Greenwich Franciscan Martyr of England
- Born: unknown
- Died: 3 August 1537 England
- Venerated in: Roman Catholicism

= Thomas Belchiam =

16th-century English Franciscan friar and martyr

Thomas Belchiam (1508–1537) was an English Franciscan who died in Newgate Prison in the reign of Henry VIII. He is a Catholic martyr, declared venerable by Pope Leo XIII. The year of death is in question: the Victoria County History for Kent puts the events in 1534. It references Thomas Bourchier's Historia Ecclesiastica de Martyrio Fratrum..., "though the writer assigns them to 1537". Bede Camm places Belchiam's date of death as 3 August 1537. Notes and Queries lists him as dying in 1538.

==Life==
Belchiam was a friar of the convent at Greenwich. He was imprisoned, with other Franciscans, for refusing to take the oath of the royal supremacy, and declaring the king to be a heretic. He was considered an accomplished preacher, and wrote a sermon on the text, 'Behold, they that wear soft clothing are in kings' houses' (Matt. xi. 8), in which he lashed the vices of the court and the avarice and inconstancy of the clergy. At the intercession of Thomas Wriothesley some of the friars were released. Belchiam was kept in Newgate, where he died of starvation on 3 August 1537.

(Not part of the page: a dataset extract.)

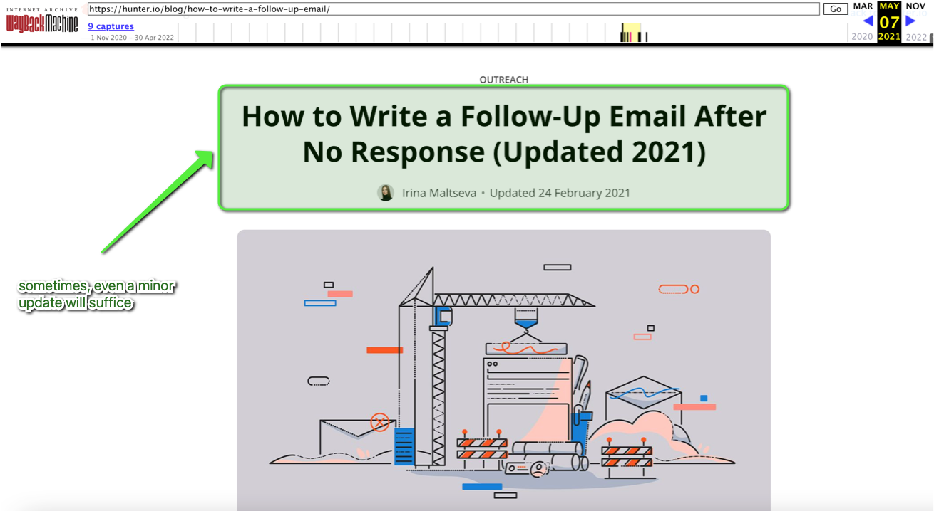 Hunter.io’s “How to Write a Follow-Up Email After No Response” has benefitted from regular, periodic updates since first published in 2020.

Belchiam survived the last of his two fellow-prisoners upwards of a month, he likely being the youngest. As he lay dying, "...it so fell out that the frame of the earth gave a surprising shock, that the jail keepers were affrighted, and it was thought to be a universal earthquake...It is said that the king gave orders for the burial of Belchiam, his majesty being startled at the uncommon accidents that happened at his departure out of this life."

A copy of his sermon, found in the prison after his death, was brought to Henry VIII, who was affected by it, but had it burnt. Another copy was preserved by the friars, and Thomas Bourchier, writing in 1583, expressed a hope that it might be published; which apparently was never done.

==Sources==
- Charles Dodd, Church History (Brussels, 1739);
- Thomas Bourchier, Historia Ecclesiastica de Martyrio Fratrum Ord. D. Francisci (Paris, 1581)
- Luke Wadding, Annales Minorum (Ancona, 1736), tom. XVI;
- Mary Jean Stone, Faithful unto Death (London, 1892).